M. Vous pensez être un modèle pour les plus jeunes ?
H. D. J’ai l’impression que pas mal de gens sont d’accord avec ce que j’ai à dire, et la manière dont je le dis. Je suis connue pour mon franc-parler, mais je n’aime pas trop le terme “modèle” car d’une certaine manière ça place la personne sur un piédestal, et je déteste ça. Je préfère la définition de l’actrice Laverne Cox, le “role possibilities”, quelqu’un qui propose une autre vision des choses, un autre regard sur la vie et ses possibles. En fait, je préfère donner aux gens les clés pour comprendre et agir sur leur propre vie plutôt que d’être dans le rôle du guide.
M. C’est pour ça que vous vous surnommez “mama” ?
H. D. J’aime beaucoup qu’on m’appelle “mama”, c’est vrai. Janis Joplin adorait ça aussi, je trouve que c’est très rock’n’roll. Même si certains ne comprennent pas l’allusion et pensent aussitôt à la grosse mama noire qui prend soin de tout le monde ! Je suis plutôt une mama MILF, et quand je vois comment les femmes mûres attirent les jeunes mecs, je peux vous dire que je suis prête (rires).
M. En tant que célébrité noire et transgenre, vous ressentez une pression ?
H. D. Mais dès que je passe la porte de mon appartement, je la ressens, pas vous ? ! Même si j’ai la même vie que beaucoup, tout semble amplifié, certainement parce que je porte des faux cils (rires). Ensuite, que les choses soient claires, quand on parle de célébrité, je pense à Beyoncé ou à Andy Warhol. Alors que moi je fais partie d’une minuscule bulle où se mélangent clubbing, mode, musique et art. Je ne m’en plains pas, je suis entourée de gens ouverts d’esprit et qui me respectent, mais soyons réalistes, je suis comme tout le monde, je n’ai pas le pouvoir de changer les lois, d’arrêter le dérèglement climatique, etc. Je vis dans un espace protégé, mes préoccupations tournent surtout autour de l’heure à laquelle je vais jouer en club (rires).

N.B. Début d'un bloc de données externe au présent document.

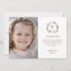 Simple and elegant First Holy Communion thank you card begins with your daughter's photo. An editable thank you message is to the right. This thank you card coordinates with the Barely Blush Rose collection. A pretty pink rose and greenery wreath surrounds a feminine mauve pink cross. You will also find coordinating welcome sign and party decoration templates to make your party planning easy and convenient.
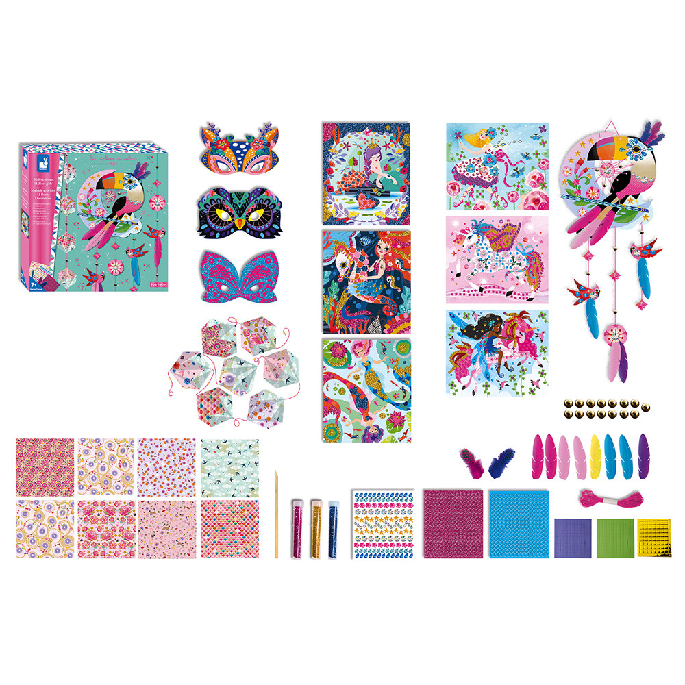 Janod Kreativ Set 11 hübsche Dekorationen : Inhalt: 6 Bilder, 3 Maksen,1 Traumfänger, 1, Girlande, Moaikteilchen, Pailettenröhrchen, Strasssteine, Federn, Perlen, Origamiblätter, Nähgarn
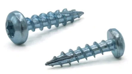 Thread forming screws for plastics are trilobular (featuring a slight triangular shape at the tip) thread rolling screws with extra wide spacing between the threads and a twin lead thread. They're commonly used to engage with plastic materials without a need for a nut on the back end. Their sharper ...
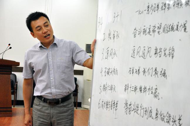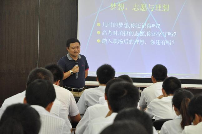 训前指导主要是培训前的热身,由集团人力资源部总经理周博宁主讲,包括分组、团队展示、协作游戏,以及集团用人理念与成长通道的分享。通过培训前的破冰活动,来自不同产业、不同岗位的新进员工消除了彼此之间的陌生、隔阂,增进了相互之间的了解、信任和融合,为接下来的培训奠定了良好的开端。

M. Quels sont les bons clubs, selon vous ?
H. D. Ceux où tout le monde danse, s’embrasse et a l’impression de passer le meilleur moment de sa vie, tout simplement. Et il y a beaucoup d’endroits dans le monde où c’est le cas, j’ai la chance d’être très polymorphe, sans avoir besoin de faire de concessions, et de mixer au Berghain à Berlin et ensuite à une fête disco à Ibiza, puis à un défilé de mode ou à une “Black Party” à New York. Sans me vanter, je pense que peu de DJs ont cette capacité de s’imposer sans rien renier de ce qu’ils jouent.
M. Vous êtes nostalgique du clubbing haut en couleur des 90’s ?
H. D. Non, je n’aime pas la nostalgie et le “c’était mieux avant“. Je pense que la plus grande erreur pour un artiste est de rester scotché dans le passé. On doit s’adapter au présent, le faire nôtre, au lieu de vivre dans les souvenirs. En fait, si, une chose me manque : que les gens s’habillent pour sortir. Toute cette folie à propos des sneakers me laisse de glace. Que ce soit à Los Angeles, à Mexico, à Paris ou à New York, c’est un peu comme si les gens n’avaient qu’un intérêt : le logo collé derrière leurs baskets ! Ça me déprime.